The banter through most of the movie is very much like that of typical teens, full of exaggerated certainty and innocence.  It's Halloween time (much of the movie's filmed in Portland Oregon).  So it's rainy, the leaves are falling, and there's a good amount of fog.  Enoch and Anabel decide to go trick-or-treating together.  He dresses (surprise) as a Japanese kamikaze pilot, Anabel to fit the theme as a geisha girl.  Hiroshi hands around as well.  At another time, the two, Anabel and Enoch play-out (and record) her "death scene" so that they "would be ready" for the drama when it comes.

Among the conversations that the two have, Anabel declares her love/fascination for Darwin.  "Why Darwin?" asks Enoch.
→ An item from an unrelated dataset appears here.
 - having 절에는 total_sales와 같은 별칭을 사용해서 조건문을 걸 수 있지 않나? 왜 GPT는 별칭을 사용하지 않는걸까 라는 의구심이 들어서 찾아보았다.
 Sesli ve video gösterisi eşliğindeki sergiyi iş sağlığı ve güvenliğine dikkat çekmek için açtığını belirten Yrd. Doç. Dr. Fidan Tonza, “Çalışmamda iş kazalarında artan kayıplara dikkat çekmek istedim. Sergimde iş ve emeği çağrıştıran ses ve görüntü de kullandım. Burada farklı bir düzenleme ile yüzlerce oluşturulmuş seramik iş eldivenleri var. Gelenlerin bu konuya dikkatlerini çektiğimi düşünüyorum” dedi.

Well she tells Enoch because "He was the smartest man in the world and saw the world for what it really is."  Enoch, unimpressed asks "What about Einstein?"  She let's the question go.  She simply likes Darwin.

This is the part of the movie that I found most irritating.  Why Darwin?  It's almost certainly a F-U a certain type of (Fundamentalist) Christianity that would insist on knowing all the answers and the movie's about two teenagers putting together from all but whole cloth their own answers.  (And here I'd note that the famous or infamous, depending on where a Catholic stands, the Second Vatican Council was exactly about trying to balance both the received faith of the past with experience of the present ...).  And so Anabel is dying, but somehow finds comfort in Darwin.  How?   None of us has a clue...

Near her death, Hiroshi starts acting as something of a guardian angel.  He was there to accompany Enoch in his trauma.  Now Anabel starts to see him as well, as death approaches her.  When she starts to see him, he's no longer in his Kamikaze uniform but dressed in a tuxedo and top hat (formal dress in Japan in the 1930s) ready to take her on her journey...

The imagery is lovely.  In the end, the story doesn't fall too far from the traditional religious apple cart.  I just found the reference to Darwin in an otherwise lovely (and sad) teenage story both needless and needlessly provocative.